では、どういう目的で生きているんですか。

では、ちょっと考えてみてください。人間に飼われている動物は子供をつくらないことが多いでしょう? 例えばオウムを一羽で飼っていたり、犬や猫も一匹だけで飼っていることはめずらしくありません。そうすると、彼らの生きる目的は奪われているんですか? もし本当にそうならば、死ぬはずです。では、子供をつくる相手がいないと死にますか?

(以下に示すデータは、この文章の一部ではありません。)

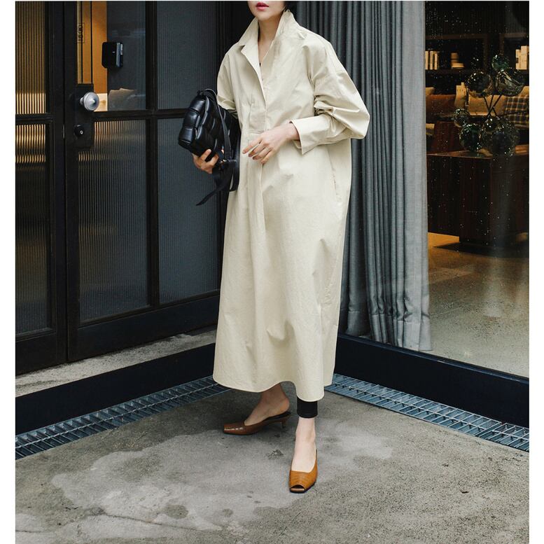 【Vネックフレアワンピース】マキシ丈 ロングスモッグワンピース シック ビッグシルエット 洗練コーデ

いや、子供をつくれないと死ぬということはないですけれども。

でも生きる目的を奪われているのであれば、死ぬはずでしょう。生きる意味がなくなっているのだから。ですからやはり、子孫をつくるのは、生きる目的じゃないんです。たまたま子供ができただけ。本当は、どんな生命も、性行為をする時に、これは子供をつくるためだなどは考えていないんです。人間も。虫も。

まあそれは、快感があるからだと思いますが。

どんな生命にも快感があるかどうかはわかりません。ただその時に、そういう行動をするだけなんです。それで子孫ができて、育てなくてはならない場合は、一生懸命に育てる。それだけ。だからたまたまなんです。

たまたま、ですか。

例えば人間の場合も、たまたま適当な人がいたら子供が生まれますが、たまたま相手がいなければ、それはできませんね。それで子供が生まれたら、「私の娘だ、私の息子だ、大事に育てなくちゃ」と、懸命にがんばる。それだけのことなんです。だから結局は、その場その場で反応するだけだというのが、我々生命の生き方なんです。

その場その場の反応で生きるような生き方はダメですよと、お釈迦さまはおっしゃっていると思うのですが。

そうです。仏教では、それでは意味がない、と言うのです。生きることには意味がない、その場その場の反応だけにすぎないでしょう、と。実際我々は、何歳になっても、その場その場で反応しているだけなんです。お腹がすいたらご飯を食べる。眠くなったら寝る。退屈になったら散歩に出るとかね。ただの反応ばっかりで、そんなすごいことじゃない。しかもその中で、失敗ばっかりでしょう。例えば思考もちょっとした反応なんですが、我々はあれこれとつまらない妄想ばっかりしているでしょうに。だから最悪。どっちにしても無意味なのに、反応の仕方がまずくて、最悪状態になっているんです。

では、どういう風な反応がいいのでしょうか。

怒りや欲が生まれないような反応です。それを、智慧の反応というんです。精神的向上ということを考えて下さい。それは、反応ばかりしている生命は、普通はしないことです。